LG Electronics Partners With Applied Intuition to Train a Camera System for Autonomous Mobile Robots With Synthetic Data

Applied Intuition and LG Electronics are partnering to accelerate the development of camera systems for autonomous mobile robots (AMRs) with synthetic training data.
Apr 12, 2023

Applied Intuition and LG Electronics are partnering to accelerate the development of camera systems for autonomous mobile robots (AMRs) with synthetic training data.

LG is a global leader in technological innovation across various fields, including home appliances, electronic products, and automobile parts. The company’s Advanced Robotics Laboratory develops AMRs for indoor and outdoor use cases. Applied provides software solutions to safely develop, test, and deploy autonomous systems at scale. LG’s Advanced Robotics Lab uses Applied’s Synthetic Datasets to develop and test its computer vision algorithms.

“LG is one of the most well-known innovators in the technology industry,” said Qasar Younis, CEO and Co-Founder of Applied Intuition. “The company’s Advanced Robotics Lab recognizes the importance of synthetic data for successful perception algorithm training. We are proud to collaborate with the team to facilitate faster and more cost-effective camera system development.”

Synthetic camera image (left) and depth image (right) of an urban outdoor scene.
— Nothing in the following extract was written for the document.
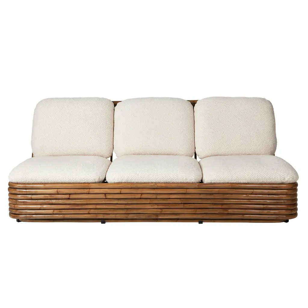 Layers of cane form the base of this 3-seater topped with lavishly plumped cushions by jet-set era designer Gabriella Crespi. Bohemian 72 reflects her interest in natural materials, fascination with stacked forms and tilt toward Eastern cultures. Originally conceived for her own indoor-outdoor "house of the sun" in Milan, Gubi recreates Crespi’s originals with a high level of craftsmanship — the rattan lengths first steamed and then bent by hand around a die, stained with antique color and finished with a gloss coating.

The Challenges of Real-World Training Data

Machine learning (ML) algorithms for an AMR’s perception system must be trained and tested on large amounts of diverse labeled data before they perform well enough to be deployed in a production environment. Collecting this training data in the real world is often time-consuming, costly, and dangerous.

Labeling the training data can also present challenges, especially when it is impossible to obtain high-quality ground truth data. Depth and optical flow labels for camera images, which are typically estimated using lidar sensors, are two examples where it is difficult to obtain high-quality ground truth. Lidar point clouds typically have a lower density than the corresponding camera image, resulting in sparse estimated ground truth data with some camera pixels lacking depth or optical flow values. When used in training, this sparse ground truth reduces the benefits of ML models.
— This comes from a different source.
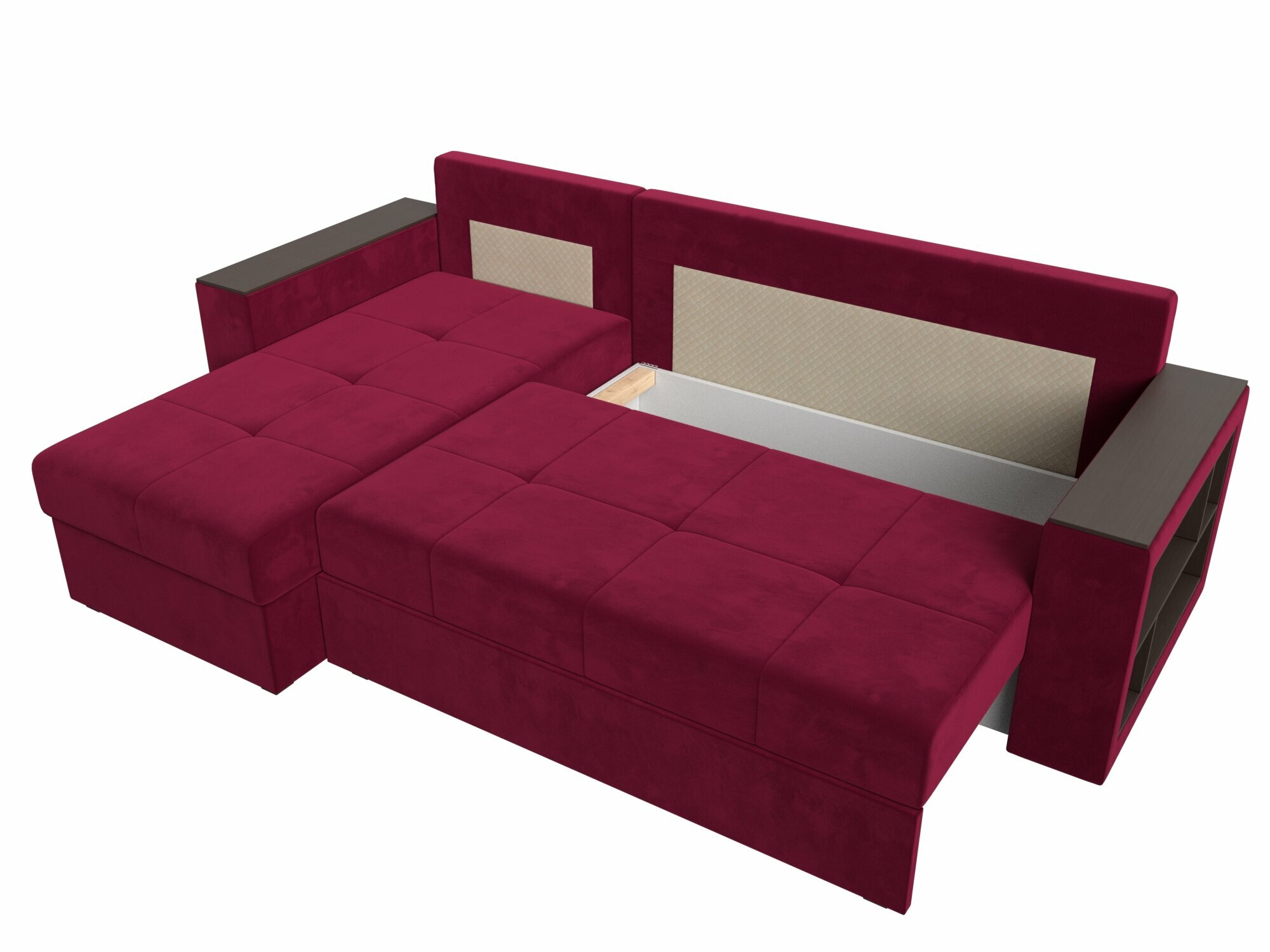 Диван угловой Дубай Лайт левый угол, микровельвет, механизм еврокнижка, Бордовый, модель 114179L

Synthetic Training Data Complements Real-World Data

Synthetic training data helps solve the challenges of real-world data collection and labeling. Instead of being collected in the real world, synthetic data is generated through sensor simulation. Simulation provides deterministic control over scene contents, weather, lighting, and more. This makes it easy to define and obtain the exact data and labels needed to train a model. When training perception models, ML engineers can combine synthetic data with real data to improve an autonomous system faster and at lower costs. 

LG Uses Applied’s Synthetic Datasets

Applied’s Synthetic Datasets are labeled datasets for ML algorithm development. LG uses Synthetic Datasets to obtain dense per-pixel depth and stereo disparity ground truth to train stereo vision algorithms, which are otherwise impractical to obtain. With this ground truth data, LG can ultimately develop, test, and deploy safer AMRs faster than previously possible.